People don’t like to be disappointed. The management time you will save, not to mention the improvement in your credibility you will achieve by beating your forecast, mean that it is worth taking the time to try to make this happen. Start by asking yourself the following questions:
- Who am I preparing this forecast for?
- Will they prefer me to come in ahead of or below my forecast?
- How can I present my forecast in a way that means that they are least likely to be disappointed?
Usually people prefer you to beat your forecast. Why? Because it makes their lives harder if you fail. Who am I talking about? Investors, lenders and the managers you report to are all probably going to be under pressure if you or your team under-perform.
So yes, I am suggesting that you low-ball your forecast as much as is reasonably possible for these audiences. This means that when the actuals come in these stakeholders are more likely to be pleasantly surprised. If they put pressure on you to increase your forecast (which they can and probably will), push back as much as you can. You will be doing them (and yourself) a favour.

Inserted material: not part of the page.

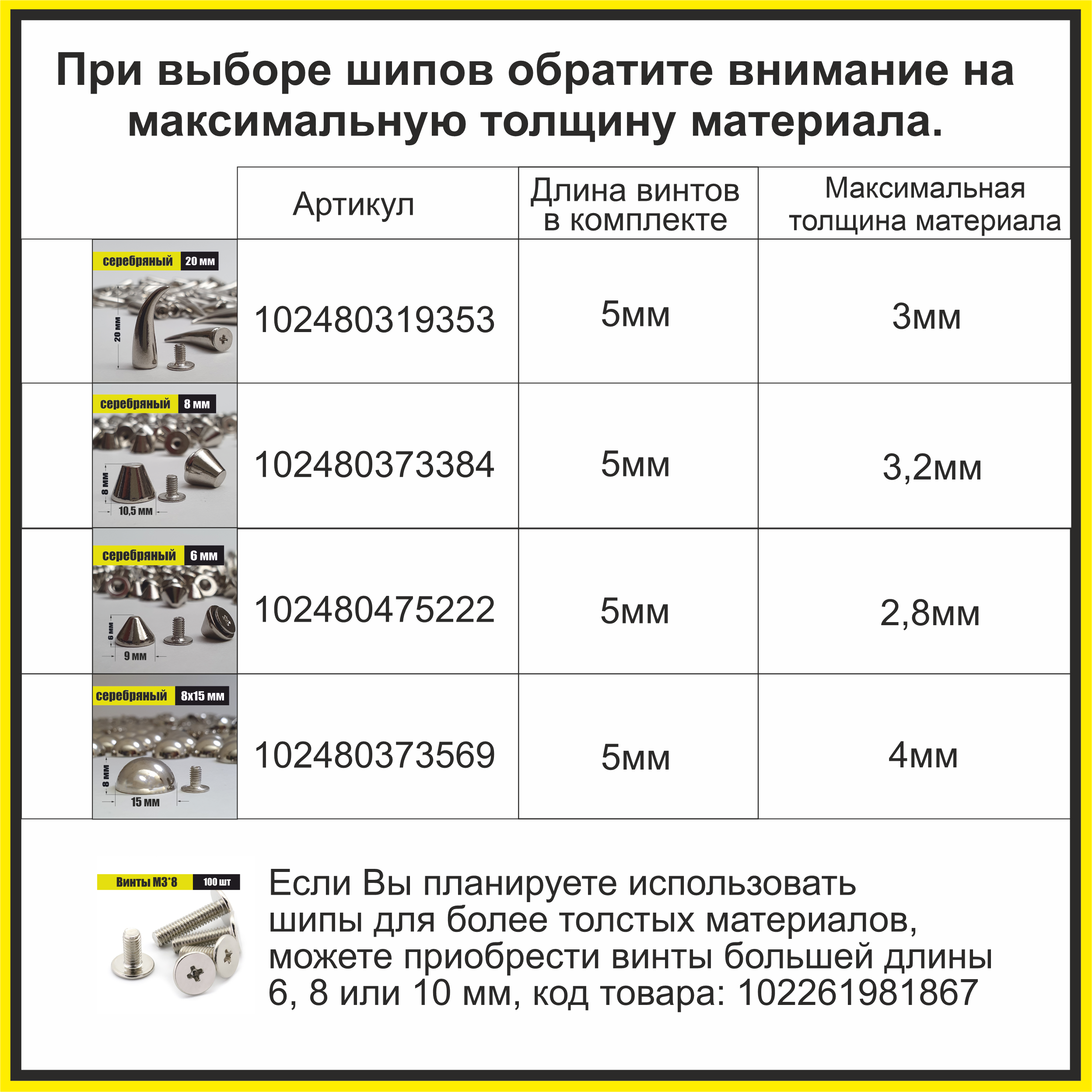 Декоративные шипы для одежды и аксессуаров (серебряные 100 шт)

But there are exceptions. Some stakeholders prefer you not to beat your forecast, or at least prefer that you do not beat it by much. These are usually the people who manage operational resources, like purchasing managers, suppliers or HR. They are not going to thank you if they end up having to find double the forecast levels of resources to meet actual sales. You may want to give them a different forecast to the first group of stakeholders, albeit one based on the same information.
But there are limits.
- Prospective investors may not invest if forecasts are too low.

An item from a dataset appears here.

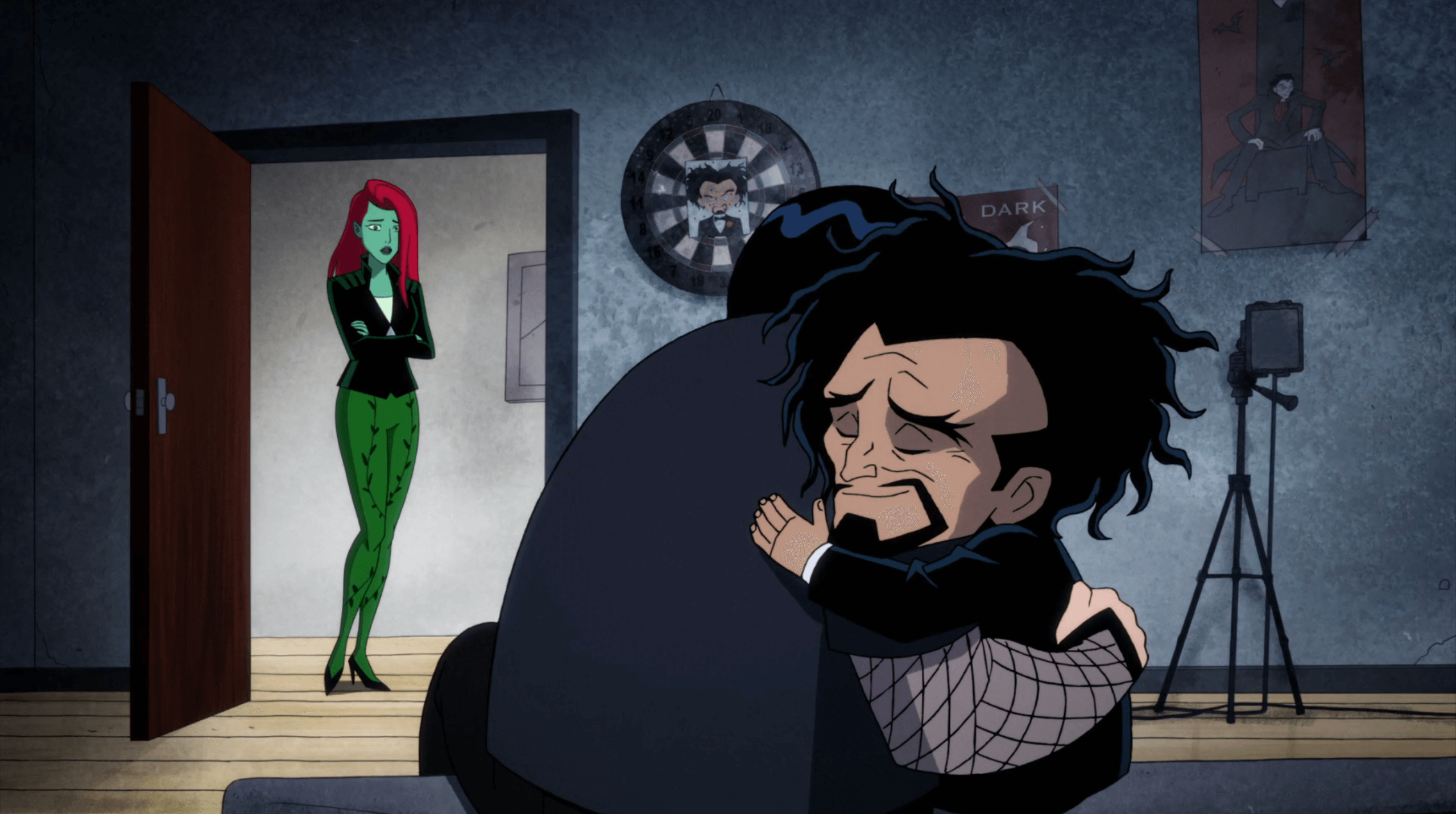 Harley checks the news regarding the WayneTech heist, only to find a high-profile evil blogger, the Cowled Critic, trashing her for "leaving behind" crew members. Also, Poison Ivy and Doctor Psycho are supposedly in a relationship after Ivy caught Psycho during his fall.

- Consistent excessive low-balling will damage your credibility as well (albeit not as much as consistent under-performance).

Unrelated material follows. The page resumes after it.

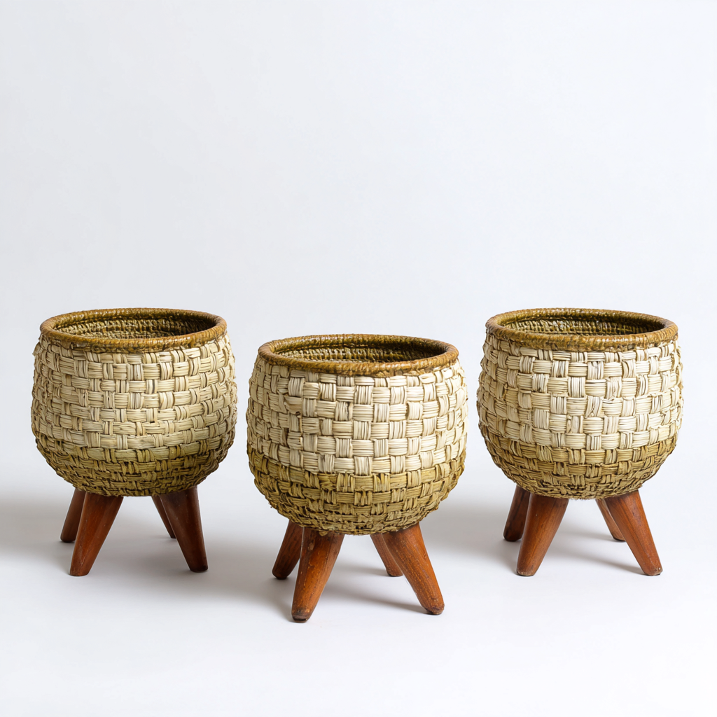 Doniczki wykonane są z wytrzymałej, naturalnej wikliny, a podstawę stanowią solidne nogi z drewna. Każdy element został ręcznie wykonany z dbałością o detale. Drewno zostało zabezpieczone ekologicznym lakierem, który chroni je przed wilgocią, natomiast wiklina jest elastyczna i odporna na uszkodzenia.

- Purchasing managers and suppliers don’t like being left with excess stock.
- Spare capacity caused by hiring under-used staff is expensive.
So there is a balance to be struck. Judgments have to be made.
Repeated, effective communication over time with the people with the people who are relying on you to make a forecast will help build trust. When communicating, clarify assumptions and explain the reasons for actual variances. Developing a reputation as someone who comes in ahead of forecast and that people can trust will help you in your career.
Ultimately you will be judged by how much your key stakeholders trust you. To protect yourself, and to protect them, it is best not to disappoint.